Brodie was not among the top 100 defensemen drafted in Yahoo leagues, while Spurgeon was picked as roughly the 80th d-man. Fast forward to now, however, and Brodie is % owned in more than six times as many Yahoo leagues as Spurgeon, although much of that is due to the Wild’s early light schedule.

When it comes to injuries, Spurgeon has rightfully earned a spot as a “Band-Aid Boy Trainee”, having missed 12, nine, and 15 games in the past three seasons. On the other hand, Brodie has stayed largely healthy of late, playing in 81 games last season and 82 between the NHL and AHL in 2012-13.

 

Who Wins?

Brodie wins this battle – no doubt. Oh, and for the record – that would’ve been my conclusion even without him having continued his scorching start, which had him still at point per game levels after seven games, compared to Spurgeon having cooled off in week two.

One key is that although Brodie also had a six points in six game stretch last season, this time he’s fired 16 Shots on goal in seven games, compared to just three total Shots during his 2013-14 streak. But one downside is his PDO (1097 at 5×5), IPP (50% at 5×5), and Shooting % (18.8%) numbers are all far above normal levels, and thus bound to fall, along with his points output.
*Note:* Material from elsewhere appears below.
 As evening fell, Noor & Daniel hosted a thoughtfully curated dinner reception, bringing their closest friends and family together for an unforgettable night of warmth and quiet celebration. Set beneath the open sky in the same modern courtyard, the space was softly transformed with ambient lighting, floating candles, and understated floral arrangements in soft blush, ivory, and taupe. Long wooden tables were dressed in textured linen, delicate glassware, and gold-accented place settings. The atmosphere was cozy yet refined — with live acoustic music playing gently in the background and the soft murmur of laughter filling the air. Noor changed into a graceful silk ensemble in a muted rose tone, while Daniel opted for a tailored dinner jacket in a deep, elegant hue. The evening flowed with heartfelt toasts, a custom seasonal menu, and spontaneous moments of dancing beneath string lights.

Even still, another significant benefit to Brodie – especially for those in keeper leagues – is that Wideman and Kris Russell are viable candidates to get traded before their deals end, respectively, after 2015-16 and 2016-17, leaving Brodie as an undisputed top guy very soon, with the main benefit likely coming in the form of a major uptick in PP Ice Time (the two have combined to receive over 5:00 per game in 2014-15 so far).

Meanwhile, Spurgeon’s apparent continued unwillingness to shoot the puck (just five Shots through four games), and both the talent and long term contract status of Minnesota blueliners, will work against him being able to become even a 35-40 point guy in the near future.
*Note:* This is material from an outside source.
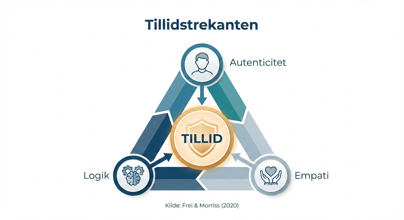 Tillidstrekanten påstår, at tillid hviler på tre ligeværdige fundamenter: Autenticitet, Logik og Empati. Modellen kan siges at fungerer som et diagnostisk redskab. Altså, hvis tilliden til en person svigter, skyldes det næsten altid en svækkelse – en såkaldt "vaklen" (wobble) – i én af disse tre dimensioner. Ved at identificere, hvilken side af trekanten der er svagest, kan den professionelle målrette sin adfærd for at genopbygge troværdigheden (Frei & Morriss, 2020).

But for those of you in one year leagues – we’re fast approaching the point where Brodie becomes a guy whom you owe it to yourself to trade. For one, you probably got him for nothing or next to nothing, so your ROI will be huge. And not only are his luck-based metrics off the charts right now, but the reality is that last season saw only four teams with two rearguards who scored more than 40 points (and only one for 2011-12), so Brodie has his work cut out for him to surpass that threshold given Calgary’s offense and Mark Giordano still being the team’s undisputed #1 d-man.
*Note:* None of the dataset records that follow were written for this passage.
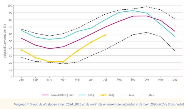 De hernieuwbare energiebronnen wind op zee, wind op land en zon waren in Nederland in juli 2025 samen goed voor 53% van de totale elektriciteitsproductie. In juli 2024 was dat 58%, zo valt te lezen op het Nationaal Energie Dashboard. Op het dashboard wordt ook de gasvoorraad in Nederland bijgehouden. Eind juli lag de vulgraad op 59%, minder dan vorig jaar en het vijfjarig gemiddelde.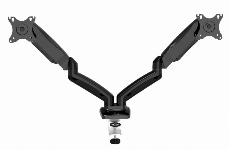 Table/desk stand for 2 monitors Gembird MA-DA2-01, 13"-27", max.7kg, VESA: 75x75, 100x100 - https://gembird.nl/item.aspx?id=10676 Надежный стальной настольный кронштейн для 2х ЖК дисплеев Штанга вращается, выдвигается, наклоняется для настройки угла и позволяет поворачивать дисплей на 90 градусов и т.п. Позволяет эргономически размещать экран, избегая напряжения Подходит для большинства телевизоров или мониторов с размером экрана до 27 дюймов Мощная газовая пружина позволяет держать устройства до 7 кг Прочная струбцина для крепления конструкции на краю стола Совместим со стандартами VESA 100 x 100 мм и 75 x 75 мм
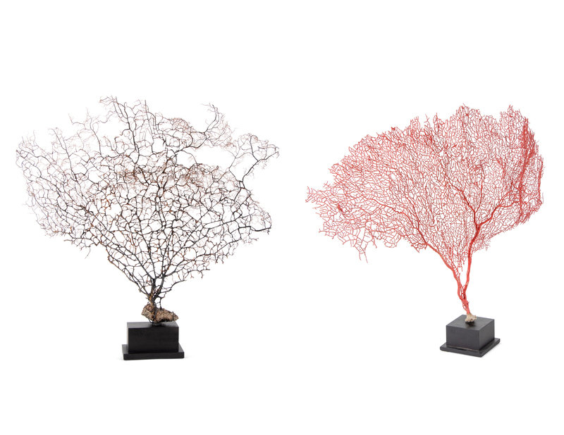 A Black Coral Branch Specimen and Red Coral Specimen

Given this, it’s best to try and flip Brodie to get a proven asset who’s started slow (maybe Ryan McDonagh or James Wisniewski) or even to plug a hole at another position in your line-up, in which case you can replace him with a guy from the waiver wire – maybe Spurgeon, since in the end he should finish within 5-10 points of Brodie this season.

Of course if you’re lucky enough to have Brodie in a keeper league – enjoy the ride, but don’t turn a deaf ear entirely toward trade offers, since just maybe someone will believe the hype and be willing to overpay enough (50+ point level) to make it so you have no choice but to move Brodie at this time.